By Fran Wang
January 9, 2022 Updated: January 9, 2022
Chinese shoppers leave a Walmart store in Beijing on Jan. 3, 2012. Chinese President Hu Jintao has warned that "hostile" powers are seeking to "Westernize" the country and called for greater efforts to enhance China's cultural influence overseas. (Mark Ralston/AFP via Getty Images)
Walmart has
recently struggled in China. After being accused of allegedly halting the sale
of products from Xinjiang, the retail giant received a warning issued by
Chinese police for alleged breaches of China’s cybersecurity regulations,
as the regime tightens its grip on how companies inside its borders process
data.
According
to a report dated Jan. 5 by state-owned
outlet China Quality News Network, police in the southern Chinese city of
Shenzhen discovered 19 “vulnerabilities” in Walmart’s
network infrastructure in late November, and police have now accused the
company of being slow to address the loopholes in violation of China’s
cybersecurity laws.
Walmart
was ordered to make rectifications, the report said, without mentioning any
fines or details of the vulnerabilities.
The
news outlet is backed by China’s market regulator, the State Administration for
Market Supervision.
The
retail giant and the Shenzhen police did not respond to Reuters’ requests for
comment by Jan. 7.
At the
end of December, China’s anti-graft office accused Walmart and its Sam’s Club
retail chain of “stupidity and short-sightedness” after social media users
claimed that Sam’s Club had withdrawn Xinjiang-sourced products from its
stores.
There
is no sign that the Shenzhen police warning is related to the Sam’s Club
incident.
The
Shenzhen police warning comes amid China’s stepped-up cybersecurity crackdown
on how data is collected, stored, and utilized by companies operating in China.
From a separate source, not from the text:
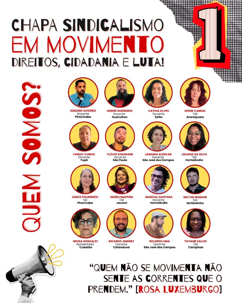 A Chapa 1 é composta por servidoras e servidores que estiveram presentes na construção das lutas centrais do sindicato na fase recente: participação direta na greve de 2024, enfrentamento ao assédio institucional no IFSP, incidência política em nível nacional e estadual, fortalecimento da comunicação sindical, articulação com movimentos sociais e produção de formação política. É esse acúmulo concreto que orienta o programa que apresentamos para 2025-2027.

Companies must report vulnerabilities in their software to
China’s Ministry of Industry and Information Technology (MIIT) within two
days of their discovery under a regulation passed last year.
The
telecommunications regulator disciplined Alibaba Cloud Computing for failing to
first report major flaws in its widely-used logging software.
Alibaba
Cloud found a security vulnerability in the popular, open-source logging
framework Apache Log4j2, and reported it to the Apache Software Foundation,
according to a statement from MIIT in December.
In
response, the regulator suspended for six months a cooperative partnership
with Alibaba Cloud in the areas of cybersecurity threats and
information-sharing platforms, reported a state-backed media 21st Century Business Herald, citing a notice from
the regulator.
The
report added that Alibaba’s cloud unit would be re-evaluated, and the
partnership would be restarted based on the outcome of internal reforms.
The reasons
for the suspension included failing to immediately report to the telecoms
authority and failing to effectively support the regime in managing network
security threats and vulnerabilities.
The
laws highlight the central government’s desire to strengthen control over
critical online infrastructure and data in the name of national security.
“This
vulnerability may allow remote control of equipment, which could result in
serious consequences such as the theft of sensitive information, and the disruption
of equipment services. It’s a high-threat vulnerability,” MIIT said in a
statement on the Apache Log4j2 issue.